Source records -
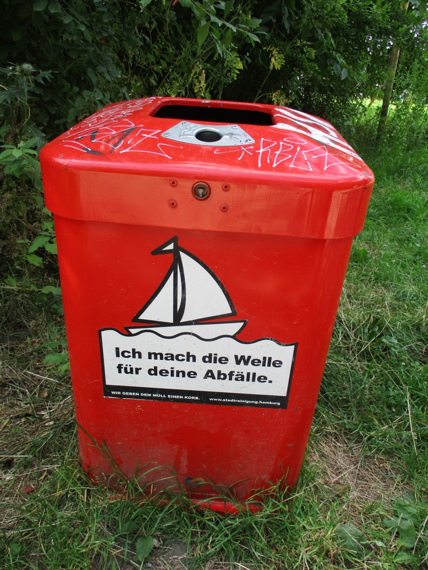 So ein prima Strand soll so verlassen werden, wie man ihn vorfinden möchte. Eine Vielzahl nicht übersehbarer Müllbehälter stehen als Angebot bereit. (Man könnte selbstverständlich den Kram, den man angeschleppt hat, wieder mitnehmen.)
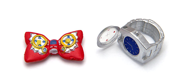 | 蝶ネクタイ型変声機は裏がすごい。腕時計型麻酔銃は照準器になる風防が動きます |
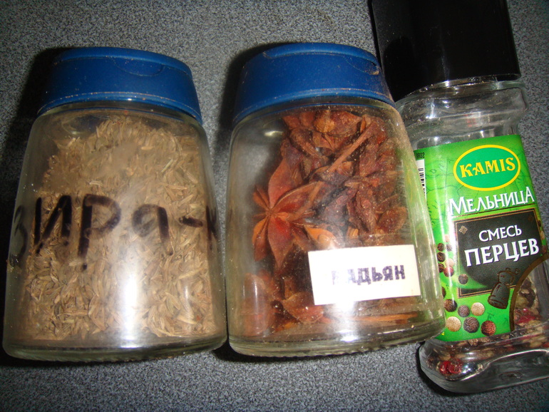Добавить приправы в лук: тмин, майоран, чёрный перец, паприка, розмарин, фенхель, кориандр, лавровый лист, горчица, чабер в сковороду и немного прогреть, чтобы специи "раскрылись".
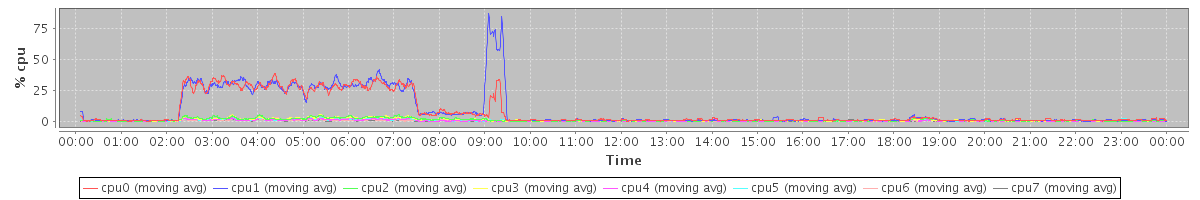 avg(cpu0) = 7.90 avg(cpu1) = 8.85 avg(cpu2) = 1.31 avg(cpu3) = 1.27 avg(cpu4) = 0.60 avg(cpu5) = 0.65 avg(cpu6) = 0.50 avg(cpu7) = 0.35
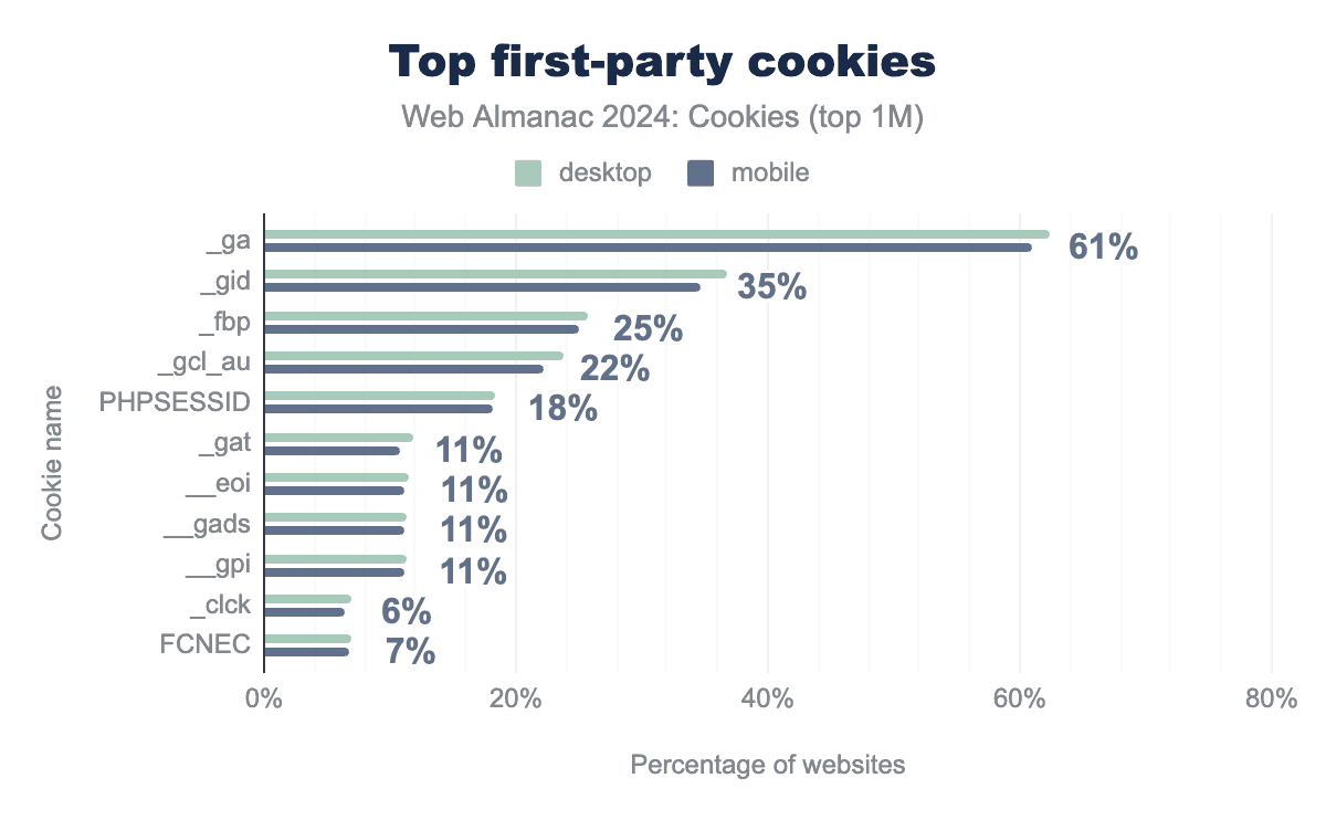 _ga and _gid cookies, which are used for website statistics and analytics reports, on more than 61% of websites for both mobile and desktop clients.The first two first-party cookies _ga and _gid are set by Google Analytics to store client identifiers and statistics for site analytics reports, a majority of websites use Google Analytics (more than 60% and 35%, respectively). The third one _fbp is set by Facebook and used for targeted advertising on 25% of the websites.
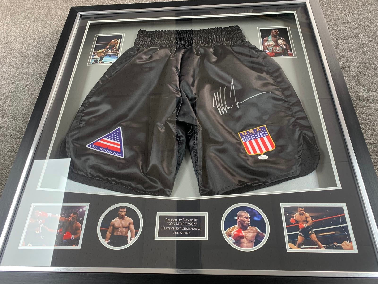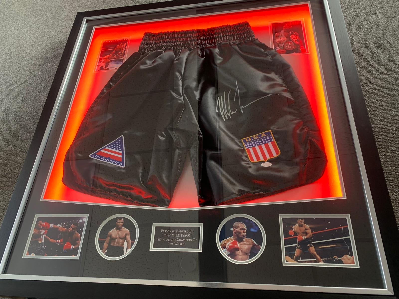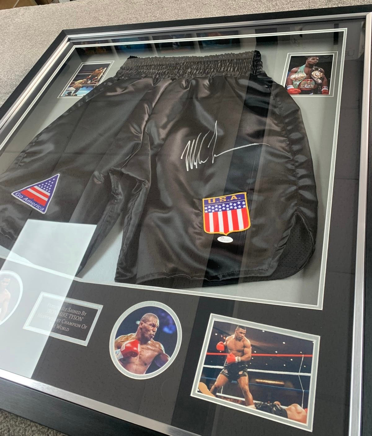 Genuine hand signed boxing shorts by the heavyweight champion of the world Mike Tyson legend boxing memorabilia

The problem -
Nothing but the lines from the line containing "avg(cpu0) = 7.90" to the end of the records above should be repeated, exactly and with every picture omitted.

Response to this task -
 avg(cpu0) = 7.90 avg(cpu1) = 8.85 avg(cpu2) = 1.31 avg(cpu3) = 1.27 avg(cpu4) = 0.60 avg(cpu5) = 0.65 avg(cpu6) = 0.50 avg(cpu7) = 0.35
 _ga and _gid cookies, which are used for website statistics and analytics reports, on more than 61% of websites for both mobile and desktop clients.The first two first-party cookies _ga and _gid are set by Google Analytics to store client identifiers and statistics for site analytics reports, a majority of websites use Google Analytics (more than 60% and 35%, respectively). The third one _fbp is set by Facebook and used for targeted advertising on 25% of the websites.
 Genuine hand signed boxing shorts by the heavyweight champion of the world Mike Tyson legend boxing memorabilia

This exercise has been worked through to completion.